Saved data entries

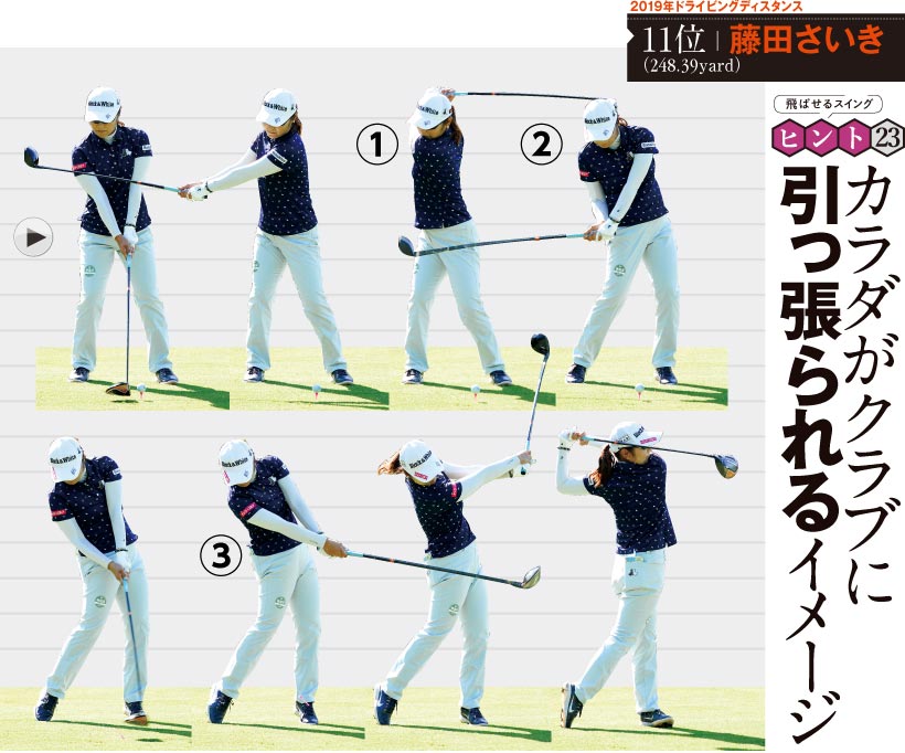 〔飛ばせるスイング ヒント23〕カラダがクラブに引っ張られるイメージ|藤田さいき
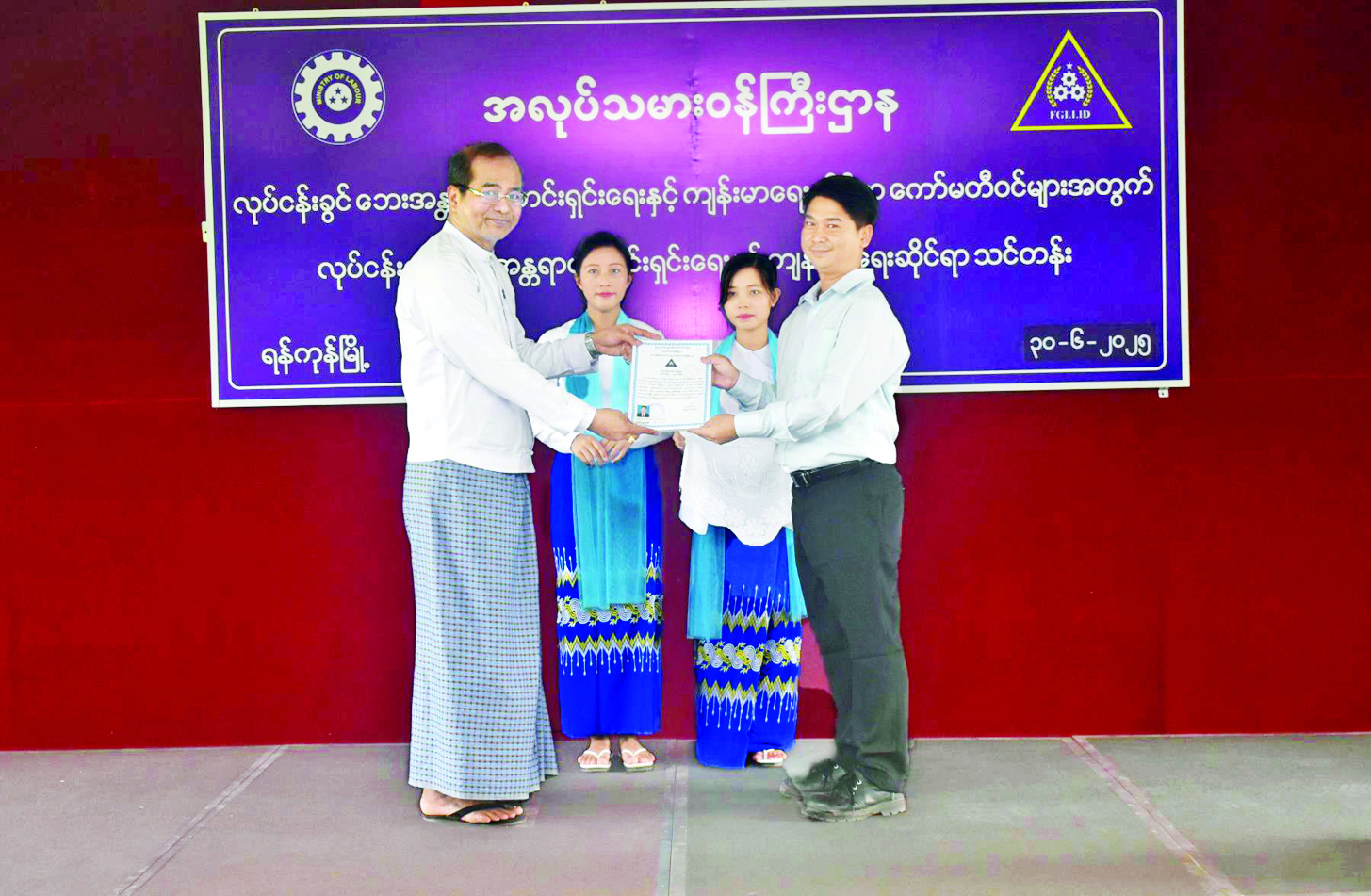 အလုပ်သမားဝန်ကြီးဌာန ဒုတိယဝန်ကြီး ဦးဝင်းရှိန်သည် ရန်ကုန်တိုင်းဒေသကြီး တိုင်းရင်းသားရေးရာဝန်ကြီး၊ တာဝန်ရှိသူများနှင့်အတူ ယနေ့နံနက်ပိုင်းတွင် လှိုင်သာယာ(အရှေ့ပိုင်း) မြို့နယ်ရှိ အမျိုးသားလုပ်ငန်းခွင်ဘေးအန္တရာယ်ကင်းရှင်းရေးနှင့် ကျန်းမာရေးသင်တန်းကျောင်း၌ လုပ်ငန်းခွင်ဘေးအန္တရာယ် ကင်းရှင်းရေးနှင့် ကျန်းမာရေးကော်မတီဝင်များနှင့် တွေ့ဆုံသည်။
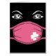 Estas camisetas y otros artículos están adornados con un gráfico estilizado de una cara con una máscara médica rosa.
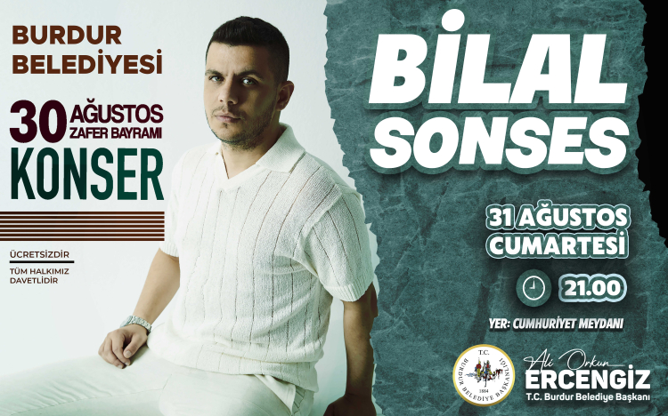 Burdur Belediyesi’nin katkılarıyla 30 Ağustos Zafer Bayramı kutlamaları kapsamında Bilal Sonses grubu sahne alacak.
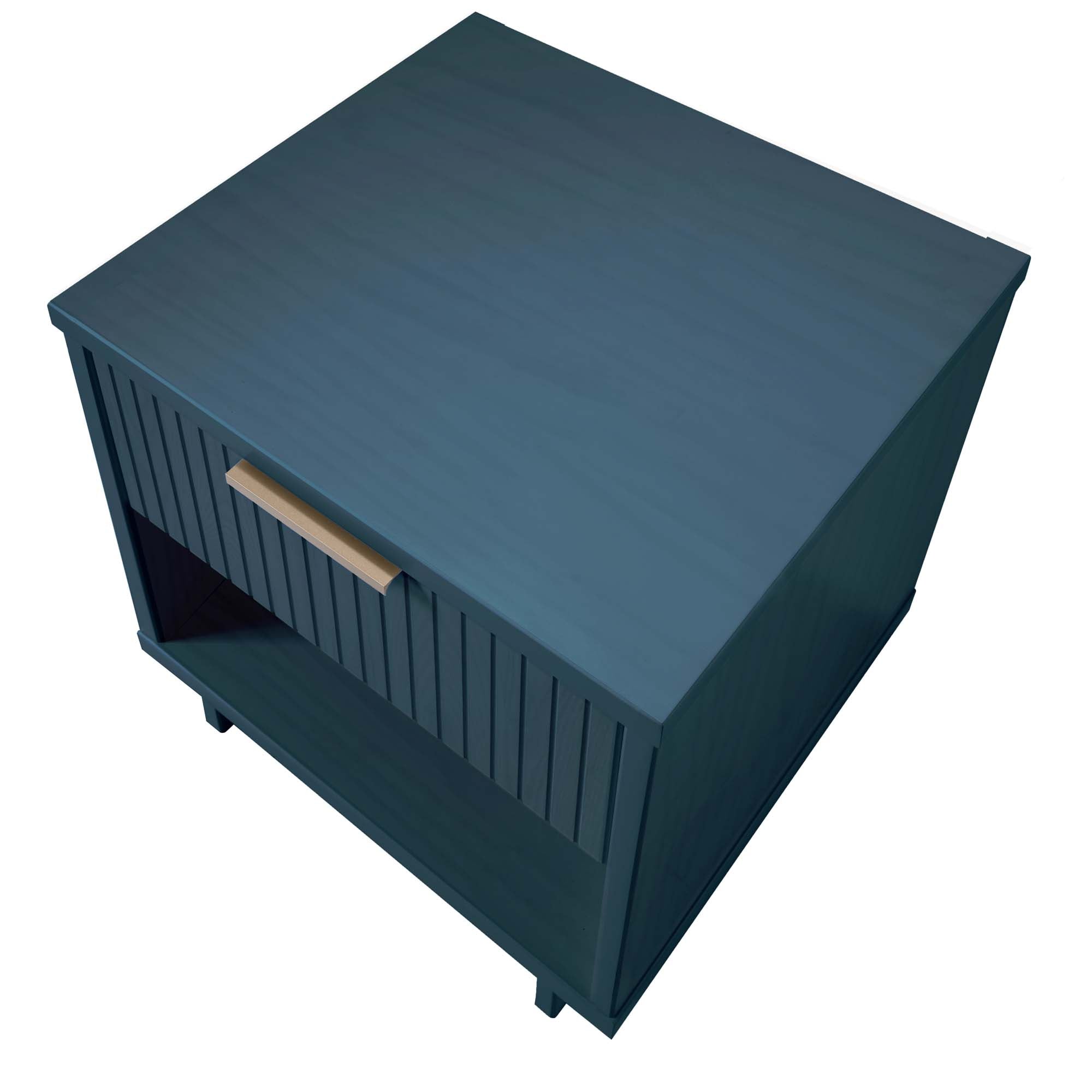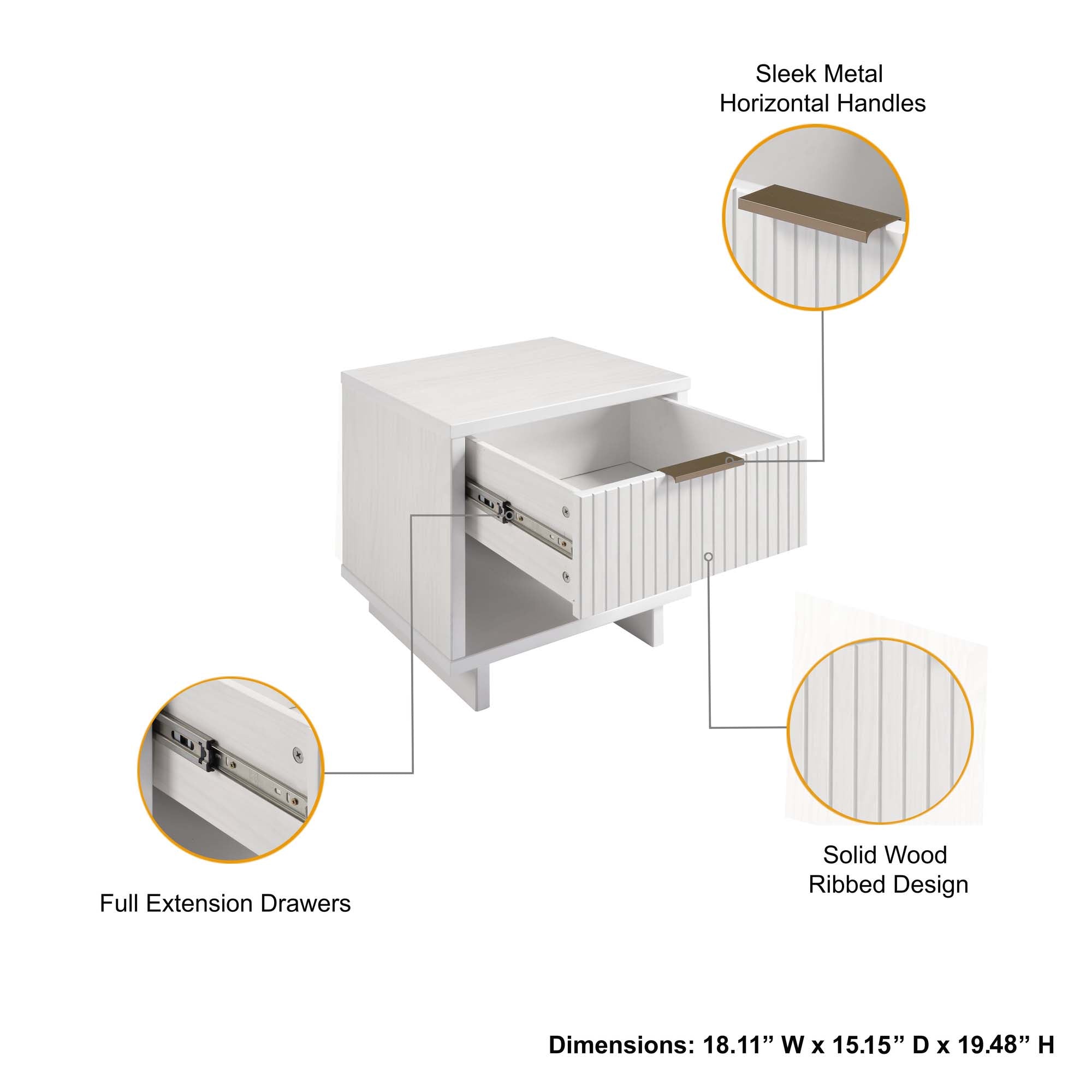 - Storage: Includes 1 full-extension drawer with a solid wood ribbed front featuring vertical textured lines for visual interest.

▶ [How to complete this task]: Please set down the lines from the one with "Burdur Belediyesi’nin katkılarıyla" to the end of the entries above, exactly as they are, and drop every picture.

▶ [Written response]:
 Burdur Belediyesi’nin katkılarıyla 30 Ağustos Zafer Bayramı kutlamaları kapsamında Bilal Sonses grubu sahne alacak.
 - Storage: Includes 1 full-extension drawer with a solid wood ribbed front featuring vertical textured lines for visual interest.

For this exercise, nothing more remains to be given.